Data items or records in a pipeline stage derive from Record<TFeature>
which represents a single data item containing one or more string
labels or classes with associated scores, and one or more TFeature
s which represent individual features that a data item has. Having a uniform data model minimizes duplication in data operations: you can write generic code that works with any combination of data items, classes, and features. Each stage implements one or more interfaces like IExtractor<TRecord, TFeature>
which indicate the kind of operation it can perform. A parameter for a stage is just a .NET class property decorated with an attribute indicating it should be exposed in the user interface as an option. The whole pipeline is driven by an easy-to-use CLI interface that automatically exposes pipeline stages and their parameters as CLI verbs and options. ClassifyBot does the wiring of stage parameters to command-line options automatically e.g.:
[Option('u', "url", Required = true, HelpText = "Input data file Url.
A file with a .zip or .gz or .tar.gz extension will be automatically decompressed.")]
public virtual string InputFileUrl { get; set; }
declares a parameter called InputFileUrl
that can be specified on the command line using -u
or --url
.
You can create and re-use different stages in different pipelines using the standard OOP mechanisms like inheritance, composition et.al. For instance, the WebFileExtract
stage is a class that derives from the FileExtract
class and shares most of the same code:
public abstract class WebFileExtract<TRecord, TFeature> :
FileExtract<TRecord, TFeature> where TFeature : ICloneable, IComparable,
IComparable<TFeature>, IConvertible, IEquatable<TFeature> where TRecord : Record<TFeature>
{
public WebFileExtract() : base("{0}-clbot-web-extract-dl.tmp".F(DateTime.Now.Ticks))
{
Contract.Requires(!InputFileUrl.Empty());
if (Uri.TryCreate(InputFileUrl, UriKind.RelativeOrAbsolute, out Uri result))
{
InputFileUri = result;
}
else throw new ArgumentException
("The input file Url {0} is not a valid Uri.".F(InputFileUrl));
}
The base FileExtract
stage is created to run on a temporary local file downloaded by the child WebFileExtract
class. To implement stages in a pipeline, you just need to create a .NET assembly that starts with 'ClassifyBot
' and reference that project or assembly from your main program. ClassifyBot will discover and load the appropriate types from your assemblies at runtime. ClassifierBot ships with a ConsoleDriver
class you can use to easily start the ML pipeline from your program, e.g.
class Program
{
static void Main(string[] args) => ConsoleDriver.RunAndExit(args);
}
is all that is needed to use ClassifyBot in your .NET console program. Eventually, other drivers will be added to allow executing pipelines from different user interfaces like ASP.NET web apps.
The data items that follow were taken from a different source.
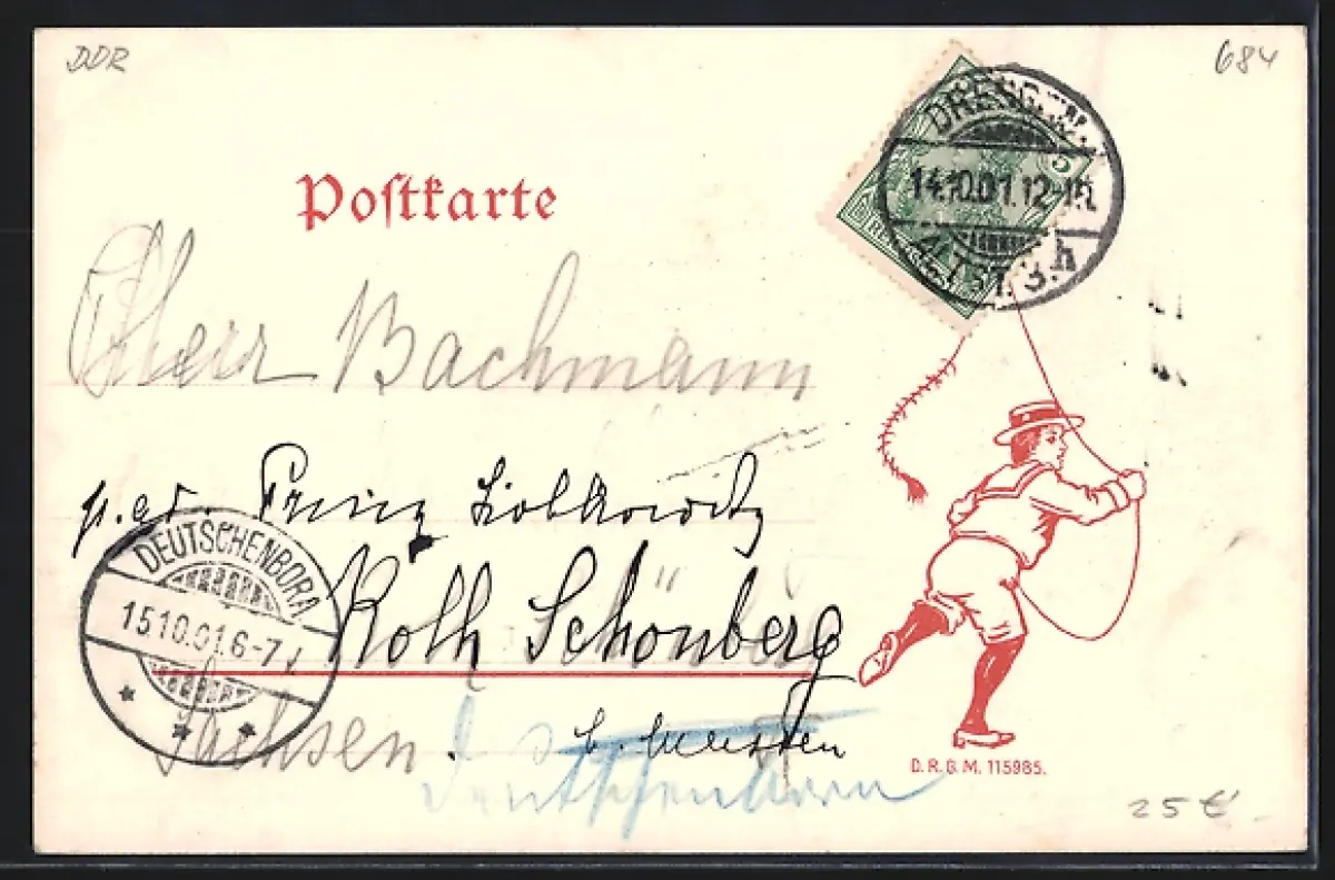 alte Ansichtskarte, gelaufen 1901, Stempelspur, guter Zustand
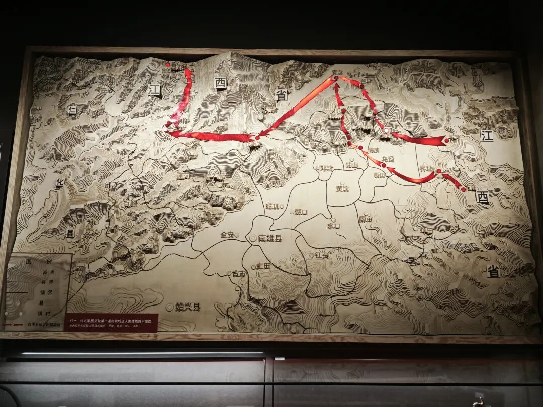 主陈列《雄关漫道——广东南雄革命历史陈列》面积超7600平方米,以中国共产党领导南雄人民的革命历史为主线,分为星火南雄、苏区南雄、浴血油山、抗日救亡、解放南雄、砥砺奋进六个篇章,利用数字媒体、文物展览、色彩衬托等,形成极具感染力的场景氛围。
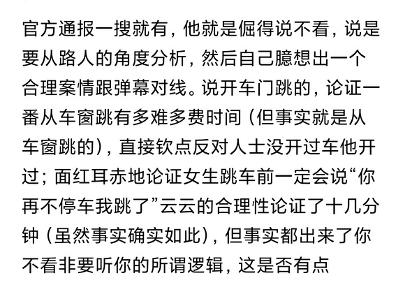 官方通报一搜就有,他就是倔得说不看,说是要从路人的角度分析,然后自己臆想出一个合理案情跟弹幕对线。说开车门跳的,论证一番从车窗跳有多难多费时间(但事实就是从车窗跳的),直接钦点反对人士没开过车他开过;面红耳赤地论证女生跳车前一定会说“你再不停车我跳了”云云的合理性论证了十几分钟(虽然事实确实如此),但事实都出来了你不看非要听你的所谓逻辑,这是否有点
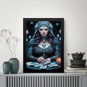 Quadro decorativo cartomante 24x18cm Cor: moldura preta Informações do produto tire todas as suas dúvidas no descritivo abaixo: decoração para quarto, sala, cozinha, escritório, área gourmet e muito mais. Chega de paredes vazias medidas - cada peça tem 24x18cm a5 . Material do papel - papel fotográfico brilhante de altíssima resolução acabamento - todos os quadros são acompanhados de uma película de acetato para proteção da imagem. - os quadros são embalados de forma segura com plástico bolha com camada dupla de acordo com o tamanho dos quadros. Garantia - garantia de 3 meses. Meu quadro chegou. Como posso fixá-lo Você precisa apenas de um martelo e um prego, pois os quadros já vão acompanhados de penduradores. Esta é a forma mais indicada. Caso prefira, você pode utilizar uma fita dupla face neste caso, sugerimos de alta qualidade para evitar que descole e seu quadro caia . Como posso limpar meu quadro A limpeza é feita como um móvel comum da sua casa. Apenas um pano seco ou espanador são suficientes para tal
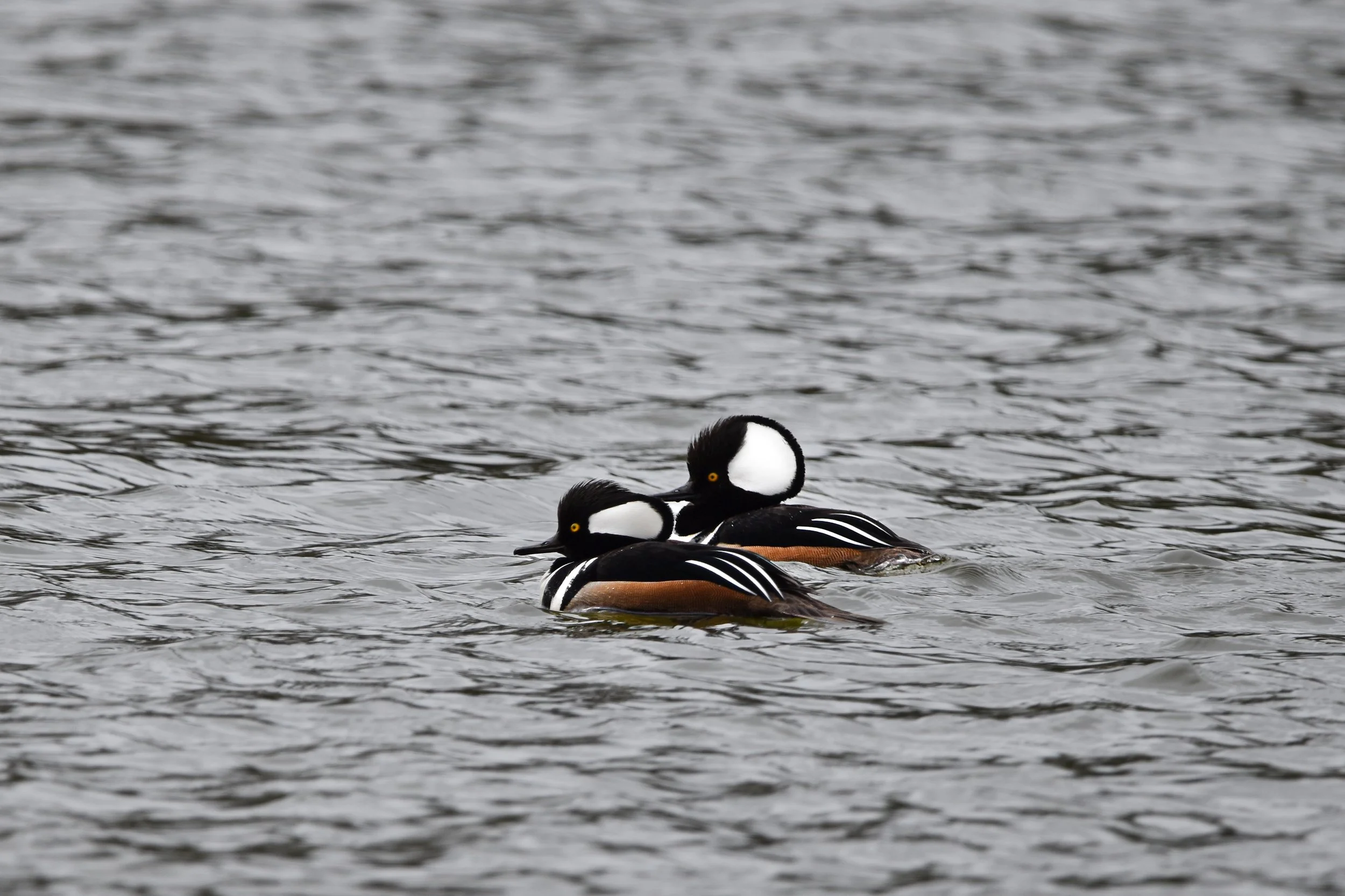 Two male hooded mergansers float in Post-Dispatch Lake, near the Boathouse. Hooded mergansers are a winter resident of the region and dive underwater to hunt for prey.

Learning is inherently a trial-and-error process so having a process in place that can reduced the friction and effort of repeating similar operations on data can be very beneficial. ClassifyBot takes care of the common operations in a ML pipeline like parsing command-line parameters, logging, timing, downloading and extracting compressed archive data files from the internet, and reading and writing common data formats like XML and JSON and CSV. Eventually, ClassifyBot will incorporate ontologies like MEX for automatically creating metadata that describes each stage of a ML pipeline. A long-term goal for ClassifyBot is to be used to implement reproducible and archivable ML experiments and be a automatic producer of metadata like PMML.
Background
Why Code Your Own Pipeline?
There are a lot of commercial hosted products like Amazon Machine Learning, MonkeyLearn, Azure ML Studio et.al that let you create ML workflows and pipelines using a GUI. Building your own pipeline may seem like a lot of unnecessary effort, but it actually has a lot of advantages over using pre-canned solutions:
- Use the ML libraries and tools you want. Using a commercial hosted ML workflow solution means that you are limited in the choice of technologies and tools that you can use. Commercial ML solutions often offer ease-of-use as a reason you should pay for their services which usually translates into having to use whatever framework or libraries they have built their solution on. Most pre-built ML products don't allow you to take advantage of the huge explosion in the number of high-quality open-source ML libraries, frameworks and tools available today. With ClassifyBot, you can build pipelines using any open-source MLP or ML component you choose: Mallet, Vowpal Wabbit, Apache MXNet, Scikit-Learn, spaCy,...whatever you want.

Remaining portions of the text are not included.